Data excerpt ->
- - - - -

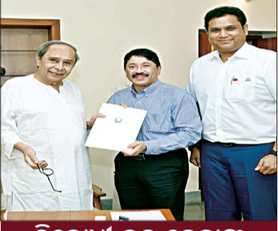
ବିରୋଧୀ ଦଳ ନେତାଙ୍କୁ ଭେଟିଲେ ଷ୍ଟାଲିନଙ୍କ ପ୍ରତିନିଧି
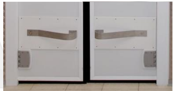
Defensa de ala de avión inoxidable
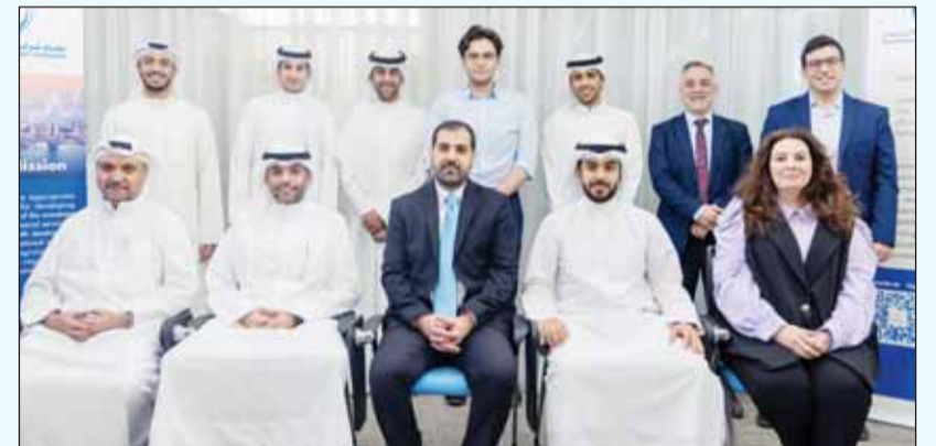
المشاركون في البرنامج

نظم مركز دراسات الاستثمار التابع لاتحاد شركات الاستثمار برنامجاً تدريبياً مكثفاً بعنوان Real Estate Valuation Methods & Techniques Used by Expert، وذلك بمقر الاتحاد، وذلك بهدف تزويد المتدربين بالمعرفة والمهارات اللازمة لتقييم دقيق لمختلف أنواع العقارات، حيث اكتسب عملية تقييم العقارات أهمية متزايدة بسبب تنوع خصائص العقارات السكنية والتجارية والأراضي وشركات الاستثمار العقاري. ويضمن التقييم العقاري الدقيق اتخاذ قرارات استثمارية صائبة سواء كنت تفكر بشراء عقار أو بيعه أو الاستثمار في أسهم شركة مدرجة في مجال الاستثمار العقاري.

- - - - -

Problem statement -> Start with the line above containing "Defensa de ala de avión inoxidable" and end with the line containing "المشاركون في البرنامج". Set down that stretch exactly, without any pictures.

Output for this exercise ->
Defensa de ala de avión inoxidable
المشاركون في البرنامج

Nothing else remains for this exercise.